# How does rain affect dove hunting?



## peelin' drag (Oct 21, 2005)

It rained all afternoon and through the nite around China Texas, plus northeast wind. Any dove experts out there know?


----------



## mj270wsm (Feb 1, 2011)

So. texas last year, it would start raining birds went everwhere. We would step out of the truck shoot pick up, get back in truck:cheers:


----------



## Stumpgrinder (Feb 18, 2006)

It (rain) tends to scatter the large concentrations of birds out into small groups


----------



## Rusty S (Apr 6, 2006)

It depends how much rain, as dry is it is now unless you get a floater, it isn't going to affect it much---now 35 mph winds could make things interesting. rs


----------



## Capt Jim West (Feb 24, 2010)

If you get a lot of rain it can move the birds out of an area where their is a lot of standing water. With it being so dry an inch of rain will be soaked right up.

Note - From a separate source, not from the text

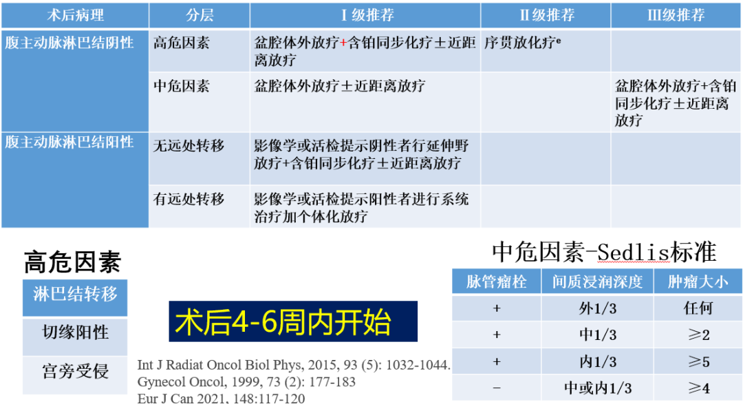 NRG Oncology/GOG-263研究:GOG-263研究是在中危早期宫颈癌患者开展的根治性子宫切除术及淋巴结切除术后辅助放疗对比放化疗的随机III期试验。结果显示,对于接受根治性子宫切除术后具有中等风险因素的宫颈癌患者,辅助放疗联合顺铂化疗并未改善无复发生存(RFS)或总生存(OS)。此外,在放疗期间加入顺铂化疗显著增加3级以上毒性反应。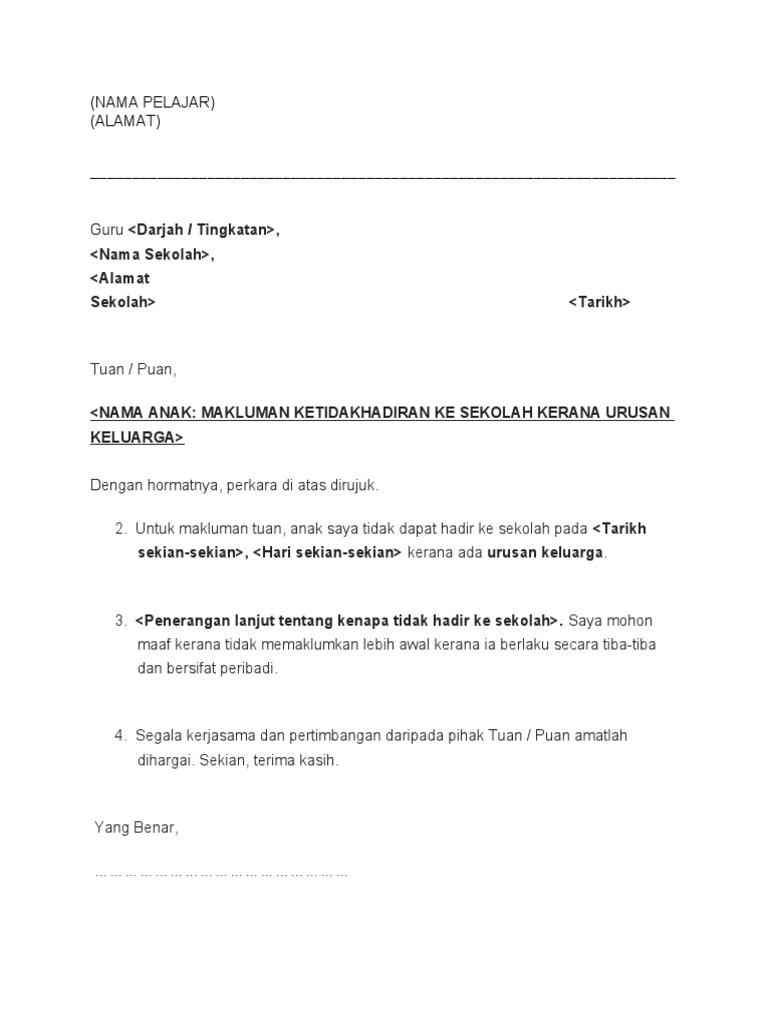 Contoh Surat Tidak Hadir Urusan Keluarga Pdf

It started raining steady about 3:30-4 pm at my place in Hankarmer yesterday and it shut the birds down. With the rain and high wind they just didn't move at all. 
They want leave because there is plenty of food & water east of H town.

I have decided to go ahead and run another hunt tomorrow afternoon at my place. If anyone wants to go I have plenty of room.


----------



## SpeckSlayer (Aug 13, 2011)

Some of the best dove hunts iv had were hours after heavy rain...if its rainin hard for awhile then stops they will fly


----------



## Capt. Marcus Canales (Aug 25, 2005)

Not sure, last year we killed limits during a down pour. In the past they usually scatter, so if it rains, i'll chance it.

Sent from my mind to the internet using Tapatalk


----------